▸ **WORKING DATA**:
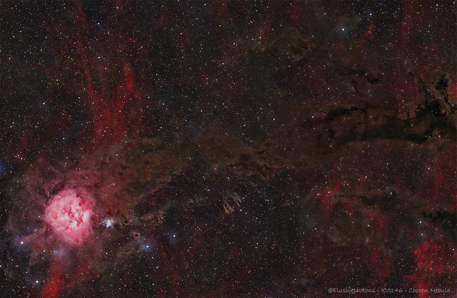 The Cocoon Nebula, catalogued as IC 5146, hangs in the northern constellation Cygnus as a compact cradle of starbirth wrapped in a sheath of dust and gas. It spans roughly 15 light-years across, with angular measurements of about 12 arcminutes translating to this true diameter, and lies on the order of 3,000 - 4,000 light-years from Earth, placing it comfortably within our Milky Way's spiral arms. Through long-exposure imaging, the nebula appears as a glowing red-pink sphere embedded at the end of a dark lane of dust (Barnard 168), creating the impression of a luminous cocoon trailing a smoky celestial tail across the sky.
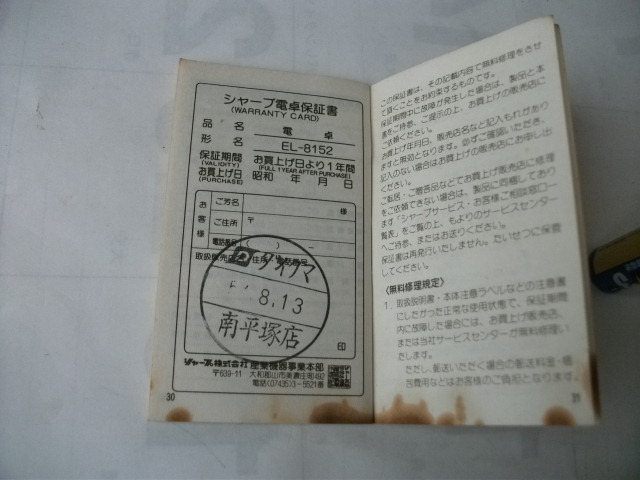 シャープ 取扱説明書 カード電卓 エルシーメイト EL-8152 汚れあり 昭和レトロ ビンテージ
--
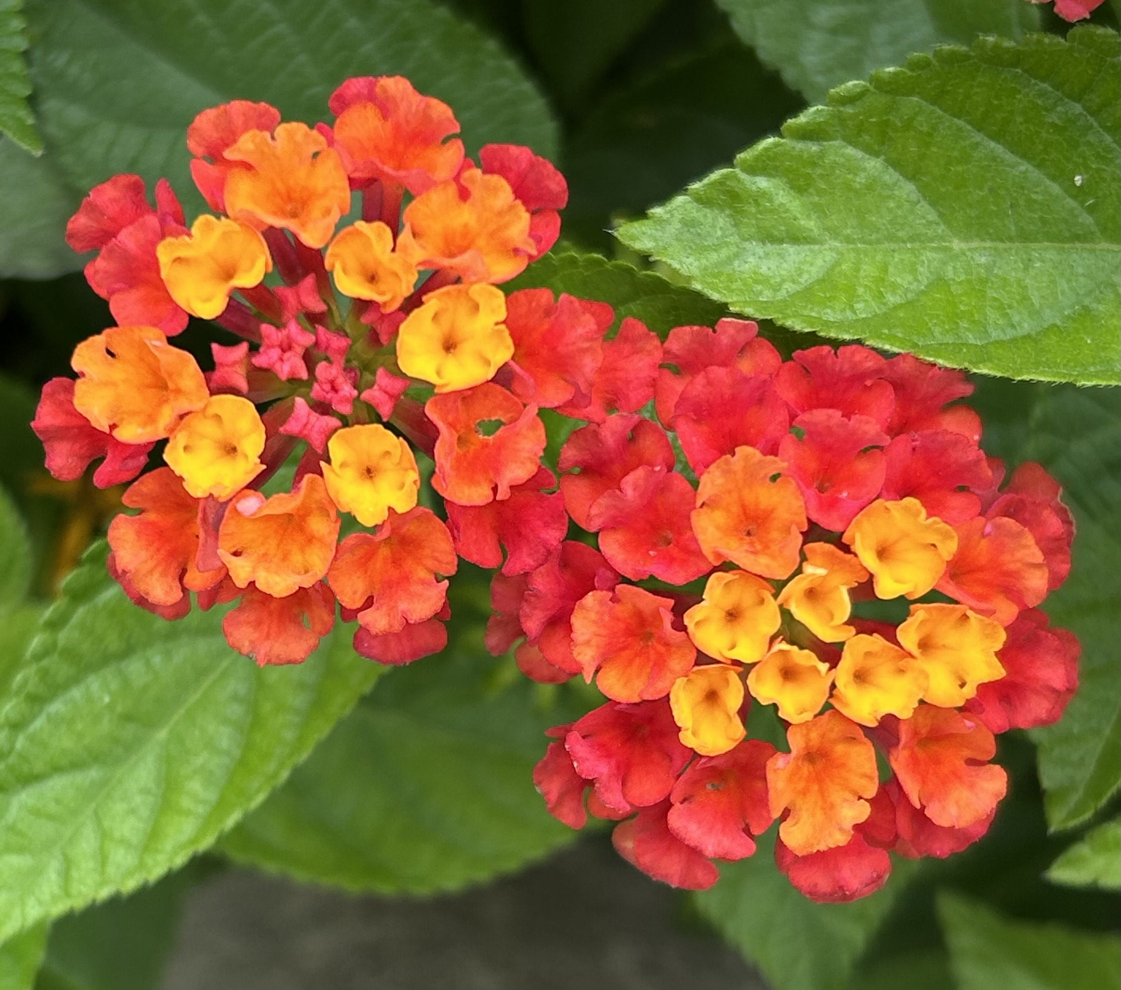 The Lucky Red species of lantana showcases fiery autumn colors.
--
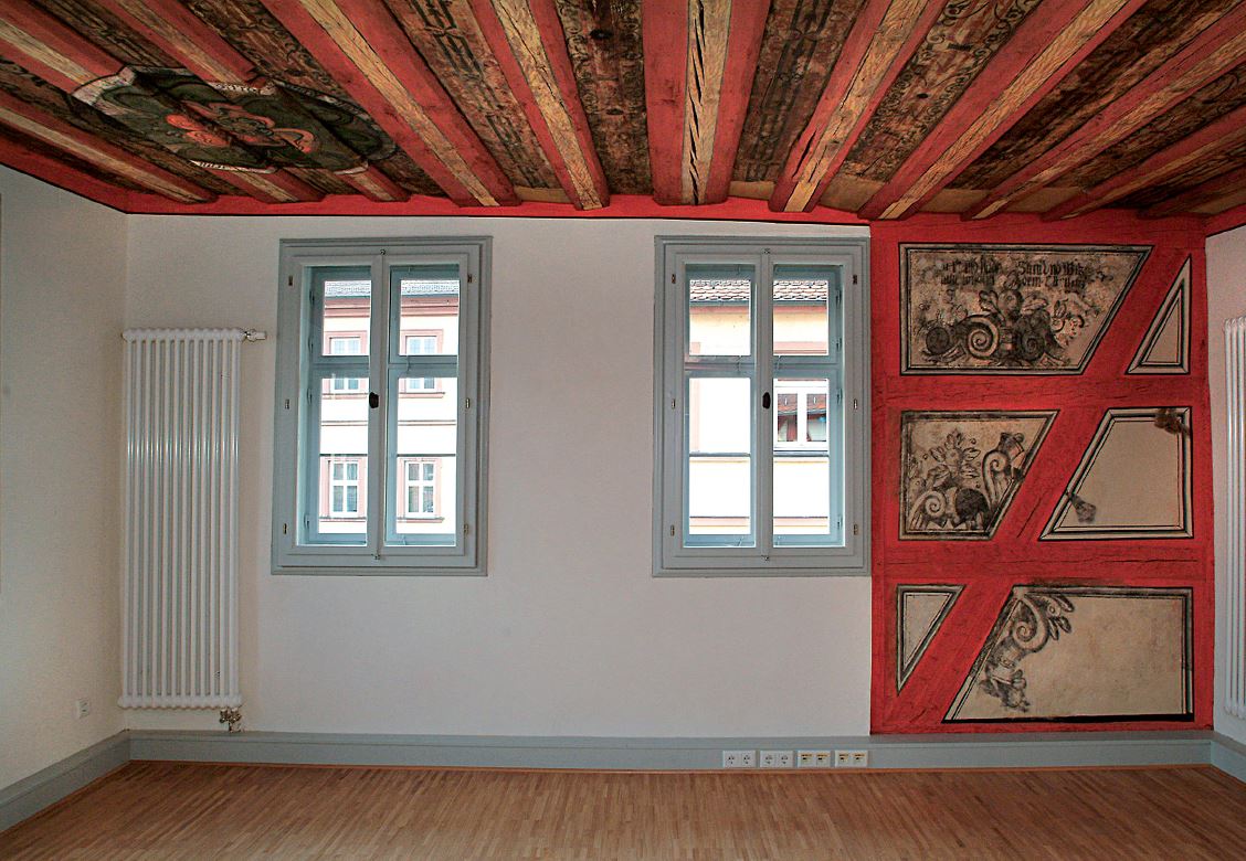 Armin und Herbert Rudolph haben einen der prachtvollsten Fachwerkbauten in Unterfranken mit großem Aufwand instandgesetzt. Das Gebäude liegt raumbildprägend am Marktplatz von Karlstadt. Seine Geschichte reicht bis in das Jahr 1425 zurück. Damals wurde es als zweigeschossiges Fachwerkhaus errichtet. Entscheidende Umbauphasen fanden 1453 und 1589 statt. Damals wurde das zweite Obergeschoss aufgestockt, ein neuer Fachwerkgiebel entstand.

▸ **TASK STATEMENT**:
Copy out exactly the material that runs from the line with "The Cocoon Nebula, catalogued" to the line with "シャープ 取扱説明書 カード", ends included, and leave the pictures behind.

▸ **WRITTEN SOLUTION**:
 The Cocoon Nebula, catalogued as IC 5146, hangs in the northern constellation Cygnus as a compact cradle of starbirth wrapped in a sheath of dust and gas. It spans roughly 15 light-years across, with angular measurements of about 12 arcminutes translating to this true diameter, and lies on the order of 3,000 - 4,000 light-years from Earth, placing it comfortably within our Milky Way's spiral arms. Through long-exposure imaging, the nebula appears as a glowing red-pink sphere embedded at the end of a dark lane of dust (Barnard 168), creating the impression of a luminous cocoon trailing a smoky celestial tail across the sky.
 シャープ 取扱説明書 カード電卓 エルシーメイト EL-8152 汚れあり 昭和レトロ ビンテージ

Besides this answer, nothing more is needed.